Records from a data collection:
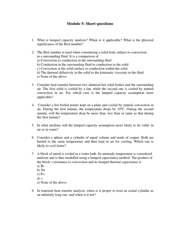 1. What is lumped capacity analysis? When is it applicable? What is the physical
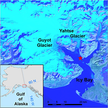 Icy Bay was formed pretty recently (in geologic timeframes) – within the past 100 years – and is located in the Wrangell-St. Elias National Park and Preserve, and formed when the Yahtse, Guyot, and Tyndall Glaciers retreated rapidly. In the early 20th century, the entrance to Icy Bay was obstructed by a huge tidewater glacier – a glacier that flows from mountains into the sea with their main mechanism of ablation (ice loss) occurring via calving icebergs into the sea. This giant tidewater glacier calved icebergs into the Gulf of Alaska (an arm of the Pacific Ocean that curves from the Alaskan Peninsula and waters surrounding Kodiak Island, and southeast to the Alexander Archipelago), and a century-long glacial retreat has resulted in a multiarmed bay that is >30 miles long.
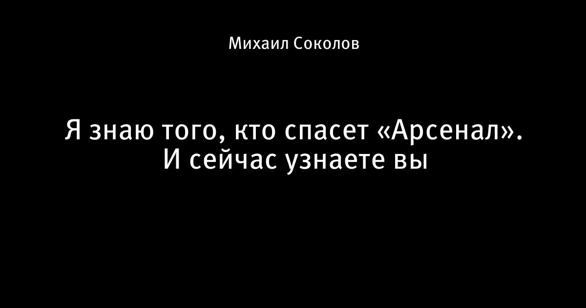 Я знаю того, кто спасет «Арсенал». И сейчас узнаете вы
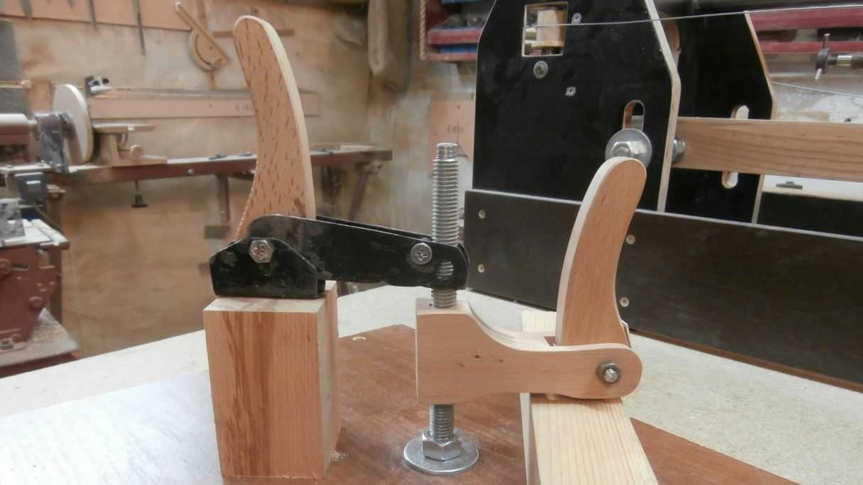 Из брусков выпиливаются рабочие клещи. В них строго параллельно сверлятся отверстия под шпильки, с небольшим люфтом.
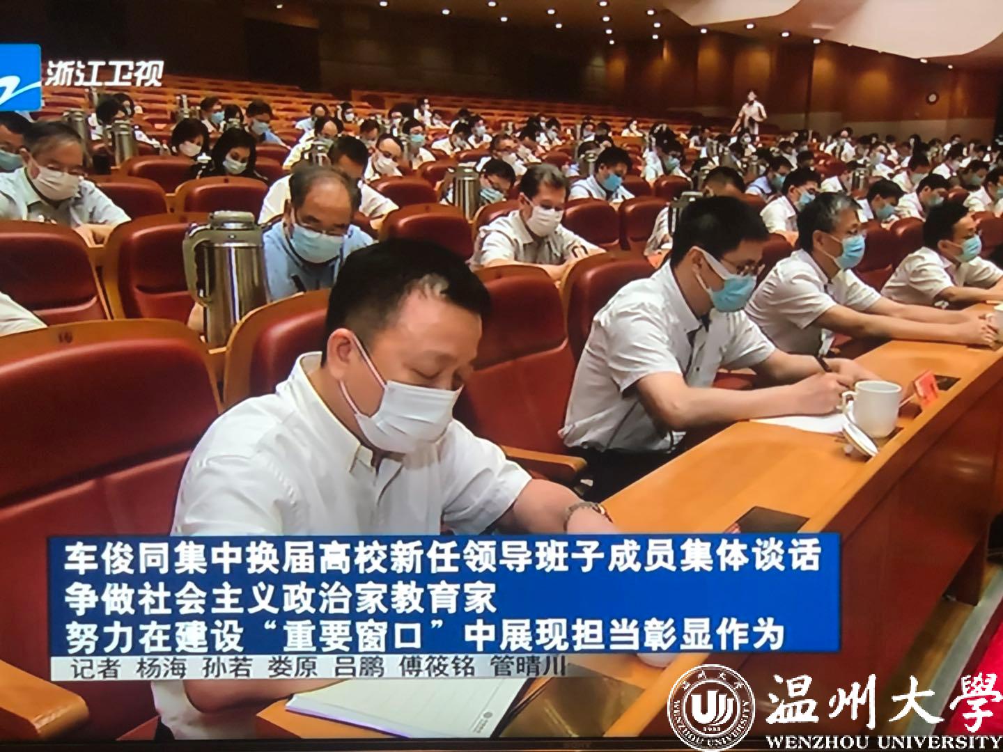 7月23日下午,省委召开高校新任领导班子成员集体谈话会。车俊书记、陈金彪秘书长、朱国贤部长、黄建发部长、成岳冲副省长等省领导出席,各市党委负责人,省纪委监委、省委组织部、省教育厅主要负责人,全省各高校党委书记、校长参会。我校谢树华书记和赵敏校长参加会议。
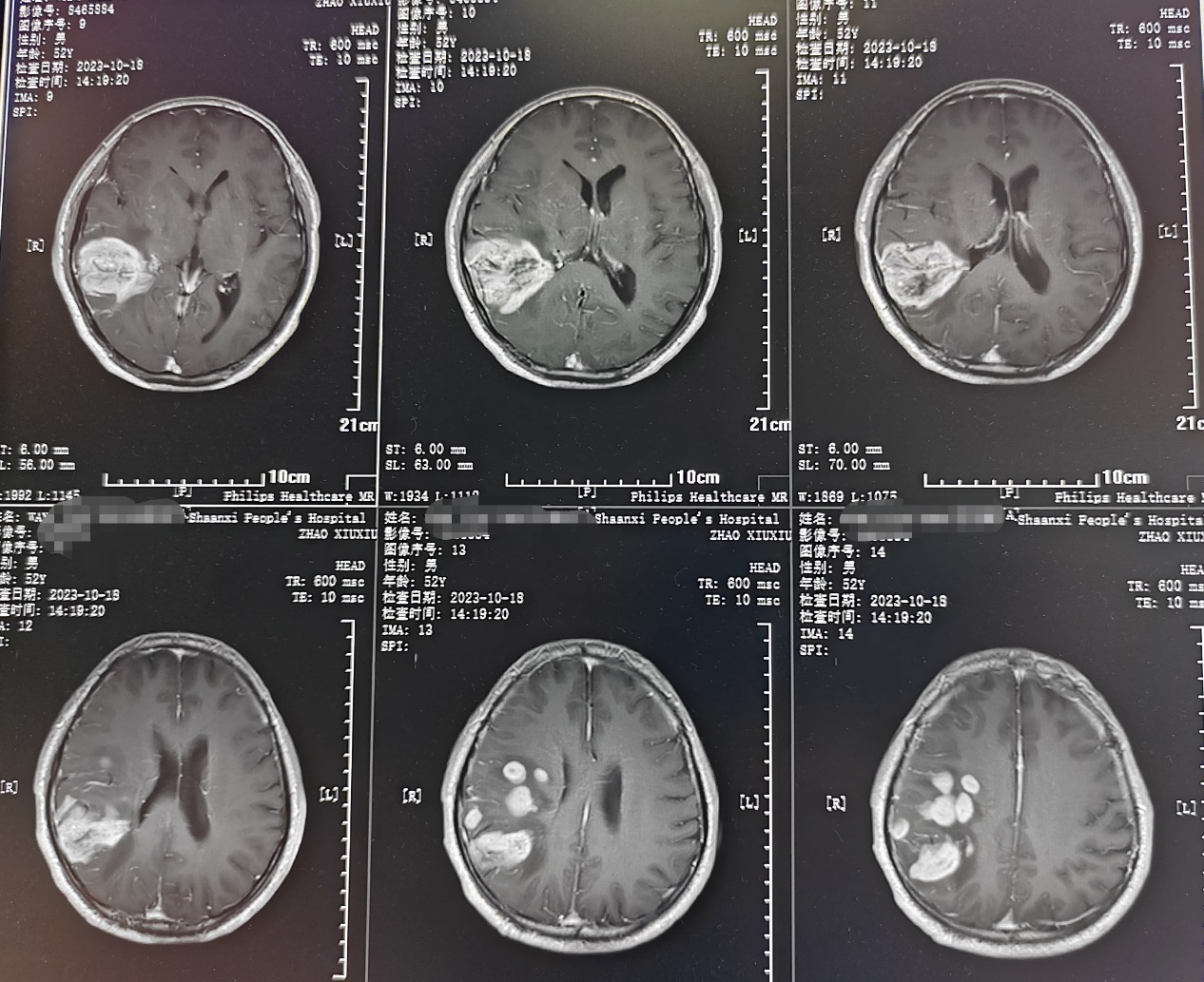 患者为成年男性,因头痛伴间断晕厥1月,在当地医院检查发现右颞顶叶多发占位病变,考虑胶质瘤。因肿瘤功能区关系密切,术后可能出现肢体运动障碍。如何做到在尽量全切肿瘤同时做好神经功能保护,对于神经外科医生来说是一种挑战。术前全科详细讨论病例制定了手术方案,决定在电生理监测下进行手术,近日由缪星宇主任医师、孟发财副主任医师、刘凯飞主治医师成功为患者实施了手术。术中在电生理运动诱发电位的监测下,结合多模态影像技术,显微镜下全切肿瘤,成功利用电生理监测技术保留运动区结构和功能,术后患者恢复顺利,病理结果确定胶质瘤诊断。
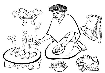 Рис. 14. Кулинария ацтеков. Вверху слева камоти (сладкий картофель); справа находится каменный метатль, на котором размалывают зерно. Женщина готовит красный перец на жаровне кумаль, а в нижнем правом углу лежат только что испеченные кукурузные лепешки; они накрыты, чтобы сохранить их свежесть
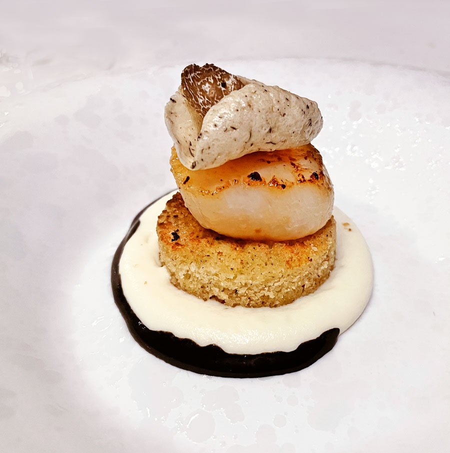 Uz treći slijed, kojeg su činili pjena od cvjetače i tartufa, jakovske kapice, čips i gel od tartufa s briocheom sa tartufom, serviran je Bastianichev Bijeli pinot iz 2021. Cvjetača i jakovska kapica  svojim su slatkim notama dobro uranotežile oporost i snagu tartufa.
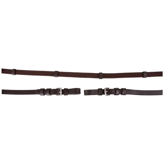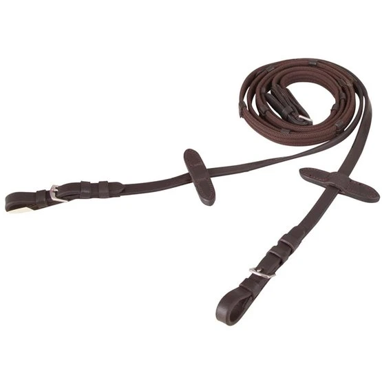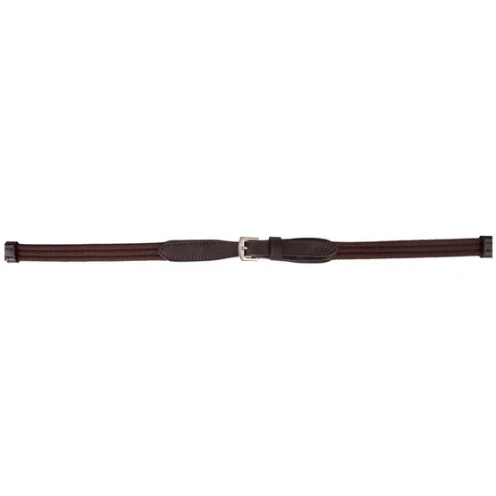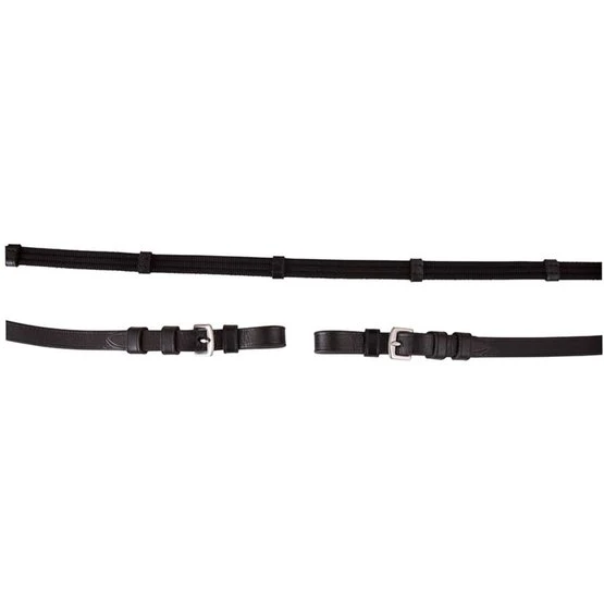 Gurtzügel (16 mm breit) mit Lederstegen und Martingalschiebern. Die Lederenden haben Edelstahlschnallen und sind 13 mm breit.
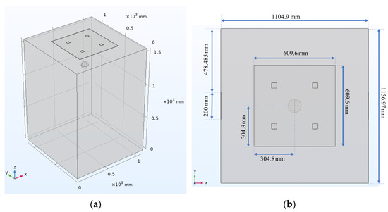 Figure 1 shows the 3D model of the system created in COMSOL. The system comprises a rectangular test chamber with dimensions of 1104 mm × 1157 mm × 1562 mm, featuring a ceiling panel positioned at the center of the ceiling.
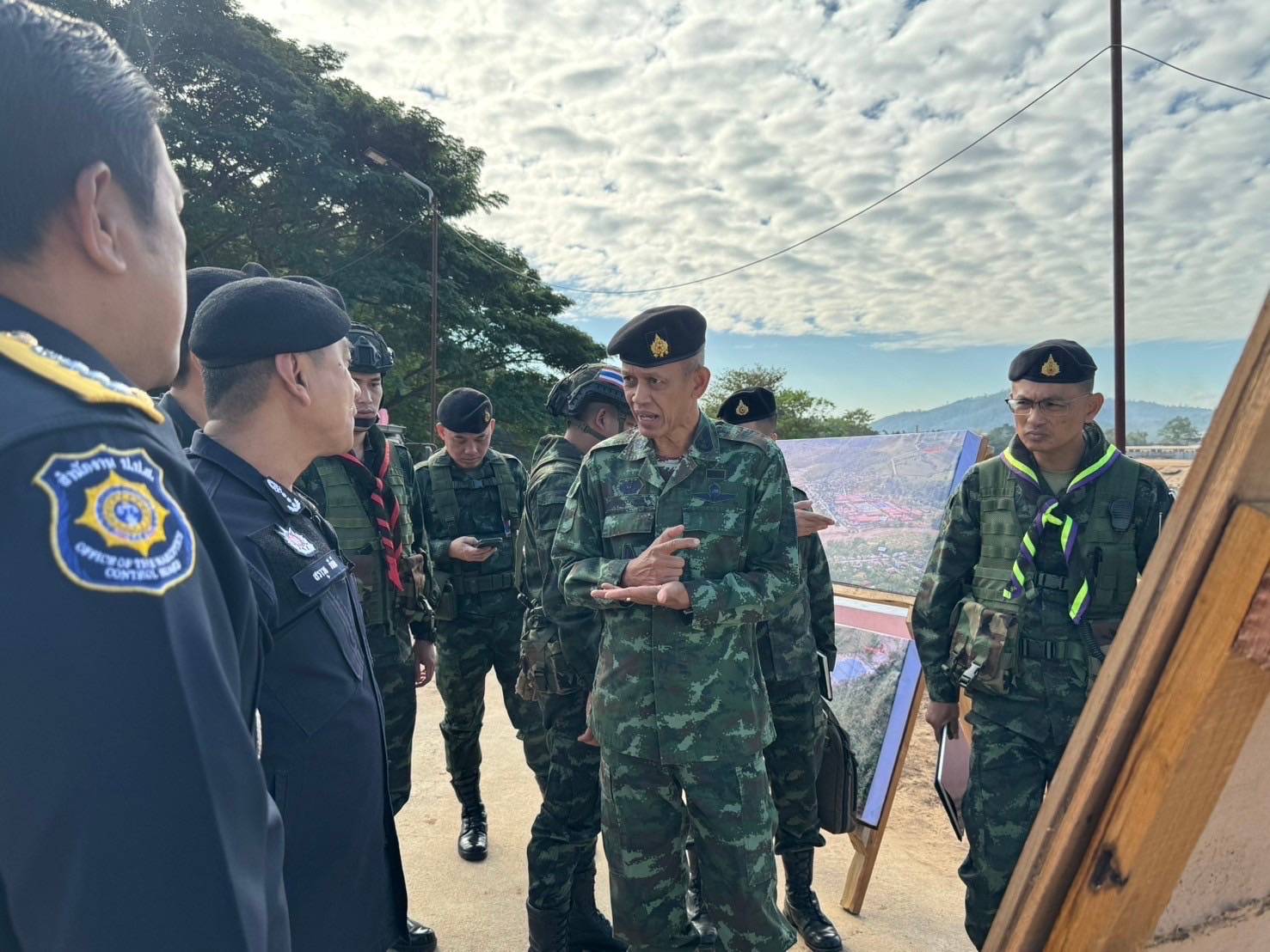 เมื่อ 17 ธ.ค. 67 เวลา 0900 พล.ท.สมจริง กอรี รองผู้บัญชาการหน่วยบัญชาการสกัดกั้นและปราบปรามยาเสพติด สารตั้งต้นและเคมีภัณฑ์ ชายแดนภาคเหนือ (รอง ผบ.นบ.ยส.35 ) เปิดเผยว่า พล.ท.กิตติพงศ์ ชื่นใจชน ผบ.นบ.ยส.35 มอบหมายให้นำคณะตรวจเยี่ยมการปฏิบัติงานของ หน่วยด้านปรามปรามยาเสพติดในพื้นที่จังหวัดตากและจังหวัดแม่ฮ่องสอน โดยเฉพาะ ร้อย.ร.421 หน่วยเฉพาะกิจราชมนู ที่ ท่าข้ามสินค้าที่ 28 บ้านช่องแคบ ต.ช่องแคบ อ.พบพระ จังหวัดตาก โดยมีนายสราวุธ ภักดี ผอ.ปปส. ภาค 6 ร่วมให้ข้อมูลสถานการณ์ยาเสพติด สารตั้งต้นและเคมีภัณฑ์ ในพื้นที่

- [ACTION ITEM]
Reproduce the lines above letter for letter. The pictures stay behind.

- [SOLUTION TO THIS EXERCISE]
 1. What is lumped capacity analysis? When is it applicable? What is the physical
 Icy Bay was formed pretty recently (in geologic timeframes) – within the past 100 years – and is located in the Wrangell-St. Elias National Park and Preserve, and formed when the Yahtse, Guyot, and Tyndall Glaciers retreated rapidly. In the early 20th century, the entrance to Icy Bay was obstructed by a huge tidewater glacier – a glacier that flows from mountains into the sea with their main mechanism of ablation (ice loss) occurring via calving icebergs into the sea. This giant tidewater glacier calved icebergs into the Gulf of Alaska (an arm of the Pacific Ocean that curves from the Alaskan Peninsula and waters surrounding Kodiak Island, and southeast to the Alexander Archipelago), and a century-long glacial retreat has resulted in a multiarmed bay that is >30 miles long.
 Я знаю того, кто спасет «Арсенал». И сейчас узнаете вы
 Из брусков выпиливаются рабочие клещи. В них строго параллельно сверлятся отверстия под шпильки, с небольшим люфтом.
 7月23日下午,省委召开高校新任领导班子成员集体谈话会。车俊书记、陈金彪秘书长、朱国贤部长、黄建发部长、成岳冲副省长等省领导出席,各市党委负责人,省纪委监委、省委组织部、省教育厅主要负责人,全省各高校党委书记、校长参会。我校谢树华书记和赵敏校长参加会议。
 患者为成年男性,因头痛伴间断晕厥1月,在当地医院检查发现右颞顶叶多发占位病变,考虑胶质瘤。因肿瘤功能区关系密切,术后可能出现肢体运动障碍。如何做到在尽量全切肿瘤同时做好神经功能保护,对于神经外科医生来说是一种挑战。术前全科详细讨论病例制定了手术方案,决定在电生理监测下进行手术,近日由缪星宇主任医师、孟发财副主任医师、刘凯飞主治医师成功为患者实施了手术。术中在电生理运动诱发电位的监测下,结合多模态影像技术,显微镜下全切肿瘤,成功利用电生理监测技术保留运动区结构和功能,术后患者恢复顺利,病理结果确定胶质瘤诊断。
 Рис. 14. Кулинария ацтеков. Вверху слева камоти (сладкий картофель); справа находится каменный метатль, на котором размалывают зерно. Женщина готовит красный перец на жаровне кумаль, а в нижнем правом углу лежат только что испеченные кукурузные лепешки; они накрыты, чтобы сохранить их свежесть
 Uz treći slijed, kojeg su činili pjena od cvjetače i tartufa, jakovske kapice, čips i gel od tartufa s briocheom sa tartufom, serviran je Bastianichev Bijeli pinot iz 2021. Cvjetača i jakovska kapica  svojim su slatkim notama dobro uranotežile oporost i snagu tartufa.
 Gurtzügel (16 mm breit) mit Lederstegen und Martingalschiebern. Die Lederenden haben Edelstahlschnallen und sind 13 mm breit.
 Figure 1 shows the 3D model of the system created in COMSOL. The system comprises a rectangular test chamber with dimensions of 1104 mm × 1157 mm × 1562 mm, featuring a ceiling panel positioned at the center of the ceiling.
 เมื่อ 17 ธ.ค. 67 เวลา 0900 พล.ท.สมจริง กอรี รองผู้บัญชาการหน่วยบัญชาการสกัดกั้นและปราบปรามยาเสพติด สารตั้งต้นและเคมีภัณฑ์ ชายแดนภาคเหนือ (รอง ผบ.นบ.ยส.35 ) เปิดเผยว่า พล.ท.กิตติพงศ์ ชื่นใจชน ผบ.นบ.ยส.35 มอบหมายให้นำคณะตรวจเยี่ยมการปฏิบัติงานของ หน่วยด้านปรามปรามยาเสพติดในพื้นที่จังหวัดตากและจังหวัดแม่ฮ่องสอน โดยเฉพาะ ร้อย.ร.421 หน่วยเฉพาะกิจราชมนู ที่ ท่าข้ามสินค้าที่ 28 บ้านช่องแคบ ต.ช่องแคบ อ.พบพระ จังหวัดตาก โดยมีนายสราวุธ ภักดี ผอ.ปปส. ภาค 6 ร่วมให้ข้อมูลสถานการณ์ยาเสพติด สารตั้งต้นและเคมีภัณฑ์ ในพื้นที่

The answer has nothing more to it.